For $m=2,$ $$(r+1)^3-r^3=3r^2+\sum_{2\le t\le 3}\binom 3t r^{3-t}=3r^2+3r+1$$

Put $r=1,2,3,\cdots,n-1,n$ and add to get $$(n+1)^3-1^3=3\sum_{1\le r\le n}r^2+3\sum_{1\le r\le n}r+\sum_{1\le r\le n}1$$

Now, we know $\sum_{1\le r\le n}r=\frac{n(n+1)}2$ and $\sum_{1\le r\le n}1=n$

Answer 3

Define $\Delta S(n) = S(n + 1) - S(n)$. Show that $\Delta$ is a homomorphism from polynomials of degree $\le k+1$ to polynomials of degree $\le k$. Find $\Delta n^k, 0 \le k\le 3$. Find a preimage of $n^2$.

Answer 4

Start with: $$ \sum_{0 \le k \le n} z^k = \frac{1 - z^{n + 1}}{1 - z} $$ Note that: $$ z \frac{d}{dz} \sum_{0 \le k \le n} a_k z^k = \sum_{0 \le k \le n} k a_k z^k $$ Differentiate twice, evaluate for $z = 1$ (applying l'Hôpital generously).
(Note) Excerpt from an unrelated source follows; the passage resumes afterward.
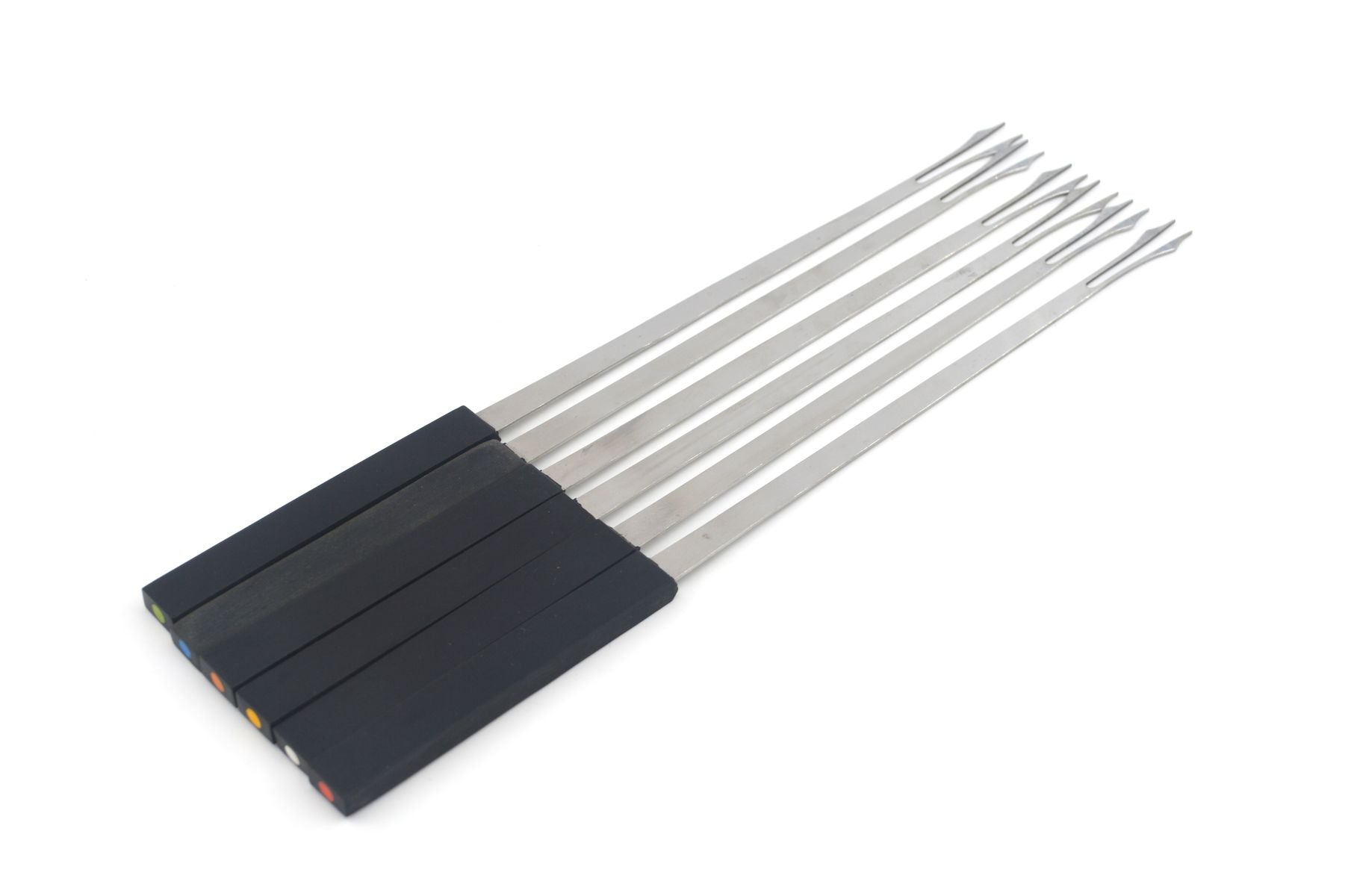 Hier habe ich diese 6-teiligen Fonduegabel Sets von dem dänischen Hersteller Stelton für Euch. Der Entwurf für diese Fonduegabeln stammt von Peter Holmblad aus dem Jahr 1977. Die Fonduegabeln wurden aus rostfreiem Stahl gefertigt und besitzt quadratische Griffe aus schwarzem Kunststoff, welche an der Stirnseite mit einem kleinen farbigen Punkt versehen sind. Die Kombination aus schlichter Formgebung und zeitlosem, modernen Design haben hier ein unverwechselbaren Designklassiker geschaffen. Für Liebhaber von skandinavischem Mid-Century Design darf dieses stilvolle Besteck nicht fehlen. Weiteres hochwertiges Designgeschirr findet Ihr in meinen weiteren Annoncen.

This works for any power.

Answer 5

$\displaystyle\sum_{k=0}^{n} k^{3} + (n+1)^{3} = 0^{3} + \sum_{k=1}^{n+1}k^{3} = \sum_{k=0}^{n} (k+1)^{3} = \sum_{k=0}^{n} (k^{3} +3k^{2}+3k+1)$

$\displaystyle = \sum_{k=0}^{n} k^{3} + \sum_{k=0}^{n} k^{2} + 3 \frac{n(n+1)}{2} + (n+1)$

$ \displaystyle \implies 3 \sum_{k=0}^{n} k^{2} = 3 \sum_{k=1}^{n} k^{2} = (n+1)^{3} -3 \frac{n(n+1)}{2} -(n+1) = \frac{n(n+1)(2n+1)}{2}$

Similarly, the sum $\displaystyle \sum_{k=1}^{n} k^{3} $ can be evaluated by starting with the equation $\displaystyle\sum_{k=0}^{n} k^{4} + (n+1)^{4}= 0^{4} + \sum_{k=1}^{n+1} k^{4}$